С этими словами Рафаэль бросился на камень рядом с Горацием и принялся нетерпеливо
переворачивать страницы Завета, показывая место за местом, где
он столкнулся с трудностями из-за своего несовершенного знания английского.
Гораций часто читал Библию со своей матерью, часто слушал
главы в церкви и с терпимой регулярностью, хотя и с
небольшим вниманием, самостоятельно изучал Священные Писания. Но холодный,
безжизненный вид, в который слишком часто превращалось выполнение этого долга.
юноша действительно отличался от той глубокой серьезности,
которую он теперь видел в своем странном спутнике.

Было очевидно, что для Рафаэля религия была живой реальностью,
чем-то, что задействовало все силы его разума, а также все
привязанности его души. Библия была для него, как и письмо отца,
заветные в лоне сына; как чартерные, с помощью которых он занимал все
его лучшие надежды; как "простите за подписью и печатью", предоставленные
заключенным по милости короля.

Россиньоль и Гораций читали вместе, пока длился дневной свет,
а когда и этого не произошло, они вернулись в пещеру и продолжили свое
занятие при свете свечей, зажженных перед
святилище Пресвятой Девы.

Гораций был сведущ в истории Писания, но он был очень только
поверхностные знания о посланиях апостола Павла. Пылающий, пылкий
дух преданности, дышавший в них, не нашел отклика в
его сердце. Теперь он читал, почти так, как будто они были для него в новинку,
волнующие душу слова апостола и мученика, провозглашающие блаженного
истины, которые он с такой радостью скрепил своей кровью—

 "Бодрствуйте, твердо стойте в вере, оставляйте себя, как мужчины, будьте сильными!"
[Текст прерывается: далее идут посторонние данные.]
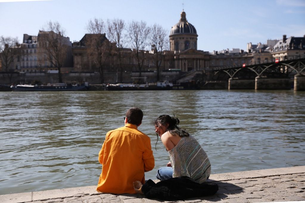 图为一对男女在巴黎塞纳河畔晒太阳。(图/新华社)
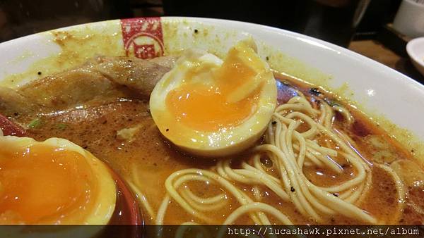 都忘了介紹加點的"半熟蛋",他真的是半熟的!!會有蛋汁流出來喔!!這個好!!!不是糖心蛋喔!!也不是黃金但那種糊糊的,他是介於流質跟糊糊的中間,而且蛋白的部分也不是像滷蛋一樣有點硬,而是軟Q軟Q卻又一戳就破,爆漿囉!!!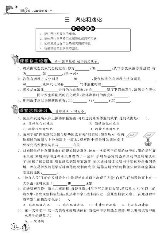 【1课3练】北师大版八年级物理《1.3汽化和液化》课前自主梳理+课堂合作研习+课后拓展探究(pdf版)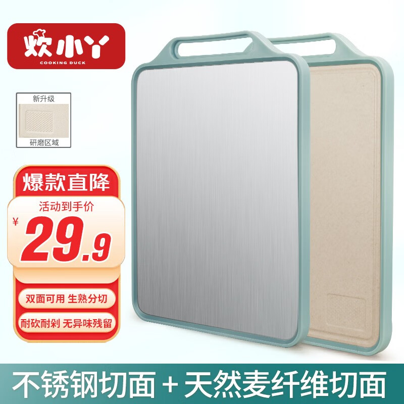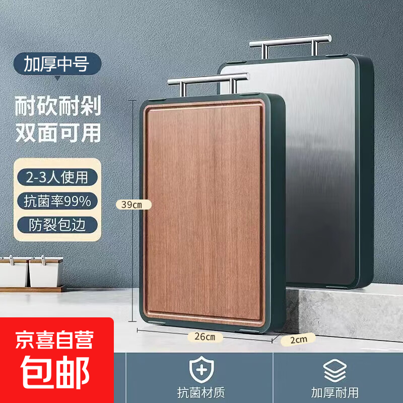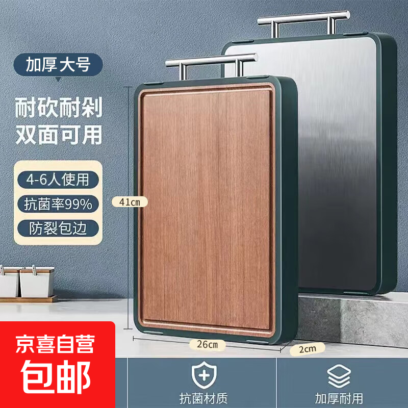 炊小丫(CHUIXIAOYA)双面抗菌砧板不锈钢抗剁切菜板家用擀面案板加大加厚防霉防滑菜板 抗剁防霉抑菌双面菜板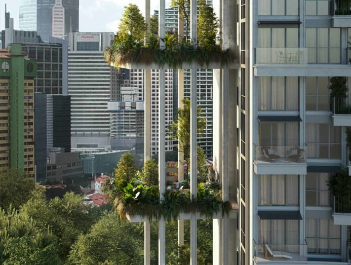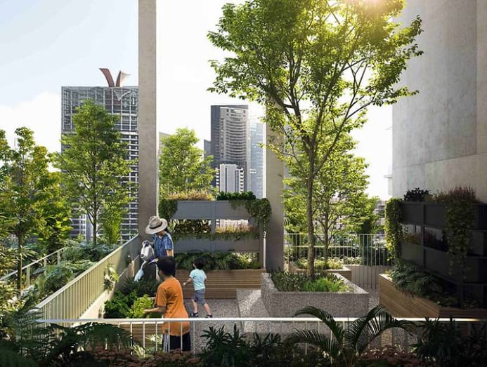 A rendering of a sky allotment garden in CapitaLand's One Pearl Bank development. (Image: CapitaLand)
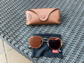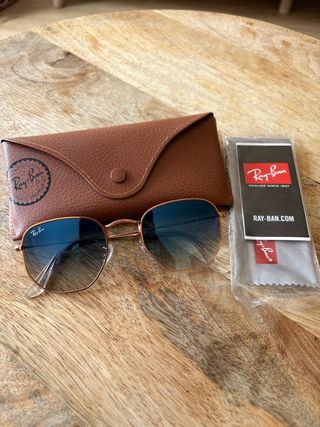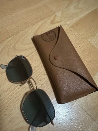 Gafas de sol Ray-Ban con montura hexagonal dorada. Se entregan con su caja original,estuche y factura de compra. - Incluye funda protectora. - Paño de limpieza con logo. Están completamente nuevas no tienen ni rasguños ni marcas ya que no han sido utilizadas.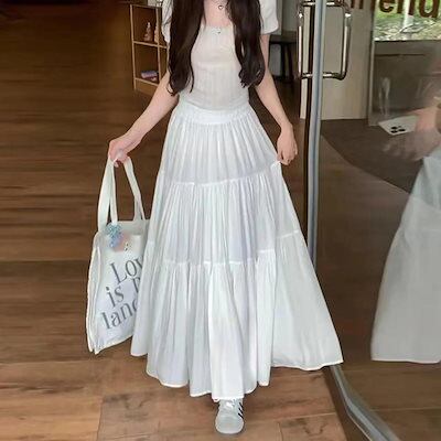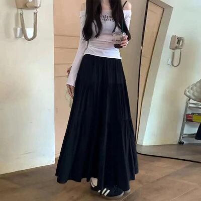 【2枚購入で 2oo円OFF! 】2024春新作 韓国ファッション ゆったり スカート 着痩せ ドレープ感 ハイウエスト カジュアル セミロング ワンピース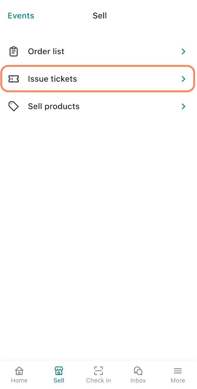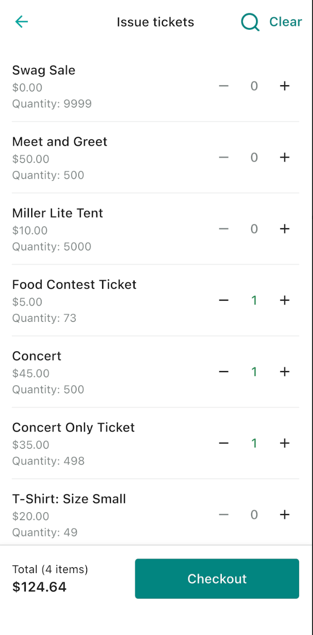 Choose the ticket type you want to sell and enter the quantity of tickets being purchased. If your event uses seat selection, you may also be prompted to select seats for the tickets being issued. Once the ticket quantity has been selected, tap Checkout.

Гораций почувствовал, что итальянец рядом с ним не просто прочитал это как
записанное обращение к страдающим святым древности, но воспринял это как
воодушевляющий призыв к самому себе, лозунг, который следует использовать на поле битвы,
приказ от лидера солдату креста.

"Это правда," - спросил Рафаэль, когда он наконец остановился, его значение—"это
правда ли, что в благословенной земли, эти Писания являются открытыми для всех?"

"У самого бедного может быть Библия", - ответил Гораций.

"Какой силой нужно обладать, чтобы добиться истины!" - сказал итальянец,
кладя руку на раскрытое Завещание. "В этой стране нет, но
человек тут и там, как пикет в враждебные земли, на часового, на
сообщение об опасности, чтобы понять, с немощной рукой, и меч духовный,
Слово Божье, стоя далее в дело, которое, если бы не причина
всемогущий, он мог хорошо рассмотреть, чтобы быть в отчаянии; но с вами,
как сильна, как объединенные армии должны удержать позиции против всех
нелюбители, и идти вперед, покоряя и торжествует в великой битве
то есть вели на земле!"

"Какой битве ты говоришь?", сказал Гораций, а пробуждать в
ответ от Рафаэля, чем из каких-либо затруднений в его смысл.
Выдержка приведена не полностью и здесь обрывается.